Cather’s 1903 Scribner’s Magazine story, “A Death in the Desert”, like the Browning poem from which it takes its title, raises the question of how to respond to death and thus, how to live. This story, especially in The Troll Garden (1905) text, on which I will draw, is one of Cather’s most densely allusive, crowded with references to art, literature, music, architecture, philosophy, and, as William James would put it, the “varieties of religious experience.” The characters confront or evade the issue of death, and how they do so reveals a great deal about who they are and about the young Cather’s search for meaning in both life and art. Cather had left Nebraska and its beliefs behind but had not yet found her place elsewhere.

The story was probably written sometime in 1902, when Cather was twenty-nine. She was free from journalistic duties, although she did contribute columns to the Pittsburgh Gazette. Teaching English at Central High School in Pittsburgh allowed her the time to publish two stories in New England Magazine, publish four poems in other major magazines, and prepare poetry for publication in her first book, April Twilights (1903). Most importantly, that summer Cather had gone to Europe for the first time, accompanied by her friend Isabelle McClung. She sent back dispatches to the Nebraska State Journal full of delighted descriptions of European landscape and culture. Years later, however, she would acknowledge that she had felt like a barbarian, coming from the plains of Nebraska and the commercial streets of Pittsburgh to all this richness. Her feeling is reflected in the title of and an epigraph to The Troll Garden, her first collection of short stories. Both were from Charles Kingsley’s lecture series The Roman and the Teuton (1891), which includes a parable of the invasion of Rome by the forest people, the Germanic tribes, who (like Cather in Europe) are bedazzled and abashed by the wonders they find in a rich and ancient civilization—the garden where the trolls make their magical creations (Woodress xvi).

It would not be until some years later in her life that Cather would come to see the beauty of the plains and desert lands. In the first years of the twentieth century, the West represented all that she hoped she had escaped from: not only “the arid airs, the scorching winds and hot horizons” she mentions in an early review (World 2: 729), but the solitude and isolation that led her to dateline one letter written from her hometown of Red Cloud, Nebraska, as “Siberia.” The bitterness of her early stories arose from her fear that she would never really escape and find the riches of the aesthetic world. The contrast between the beauty, richness, and culture of Europe and Cather’s memories of the sparse, dry plains of Wyoming, where she had visited her brother in 1898 and 1901, may have sparked the writing of “A Death in the Desert”.

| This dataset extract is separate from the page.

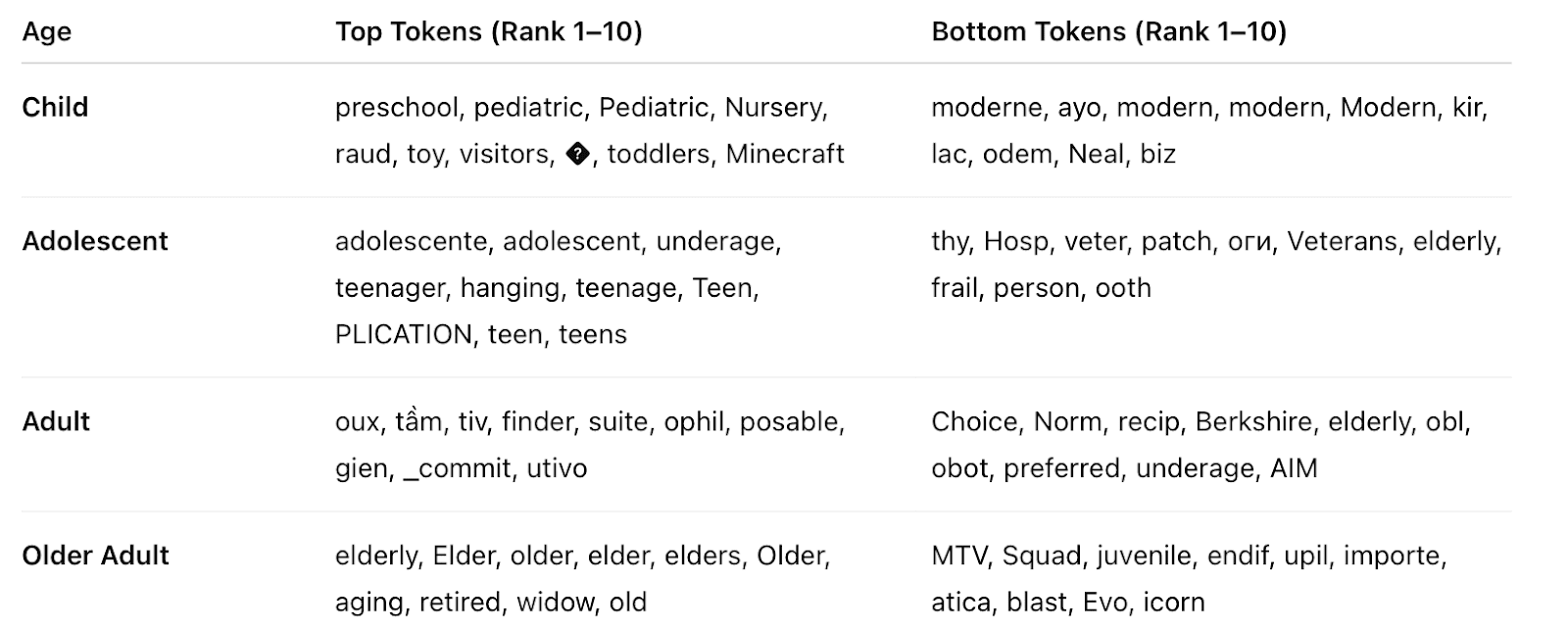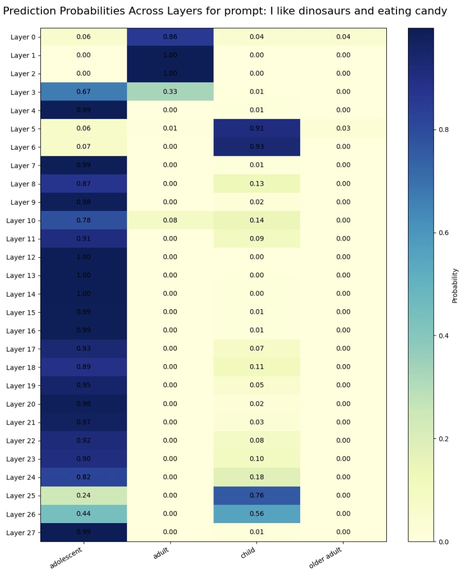 To investigate what features activate the age activations, we tested prompts corresponding to stereotypical age indicators. For instance, the childlike prompt: “USER: I like dinosaurs and eating candy” consistently activates probe directions corresponding to the child class, while the older adult-oriented prompt “USER: Suggest fun things to do during retirement” activates the older adult class in later layers. Ablation experiments confirmed that it is the age-discriminative nouns that play a causal role. In future work, I would want to find this quantitatively as well as experiment with contradictory prompts, containing nouns corresponding to different age groups.

The Browning poem, one of his Dramatis Personae (1864), recounts the last words of the Apostle John, who has been hidden by his followers in a rock cave in the desert during a persecution. With nothing left in his life but rock and imminent death, and the memory of the one transcendent event in his life, John talks of faith and doubt, of how people come to believe, even when the miracles are withdrawn and only testimony is left: “I saw,” he repeats (line 133 passim), and wrote it down in his Gospel that others might believe (though we are told that one of John’s followers has since fallen into apostasy). In her story Cather sets the problem of what happens when an artist, a woman, has entered the troll garden, experienced its wonders, contributed her own powers, and then loses all she had valued when illness forces her out into the desert to die. The story begins when Everett Hilgarde, younger brother of the talented, successful, and perhaps even great composer Adriance Hilgarde,1 stops for the night in a Wyoming town. Katharine Gaylord, a gifted singer now dying of tuberculosis in her brother’s house outside town, had loved Adriance. She begs Everett, who resembles his brother, to stay and talk to her about Adriance and the artistic world she misses so desperately. Everett, who has always loved Katharine, stays with her the few weeks until the end. Most of the story is in their talk as the two struggle to deal with her coming death.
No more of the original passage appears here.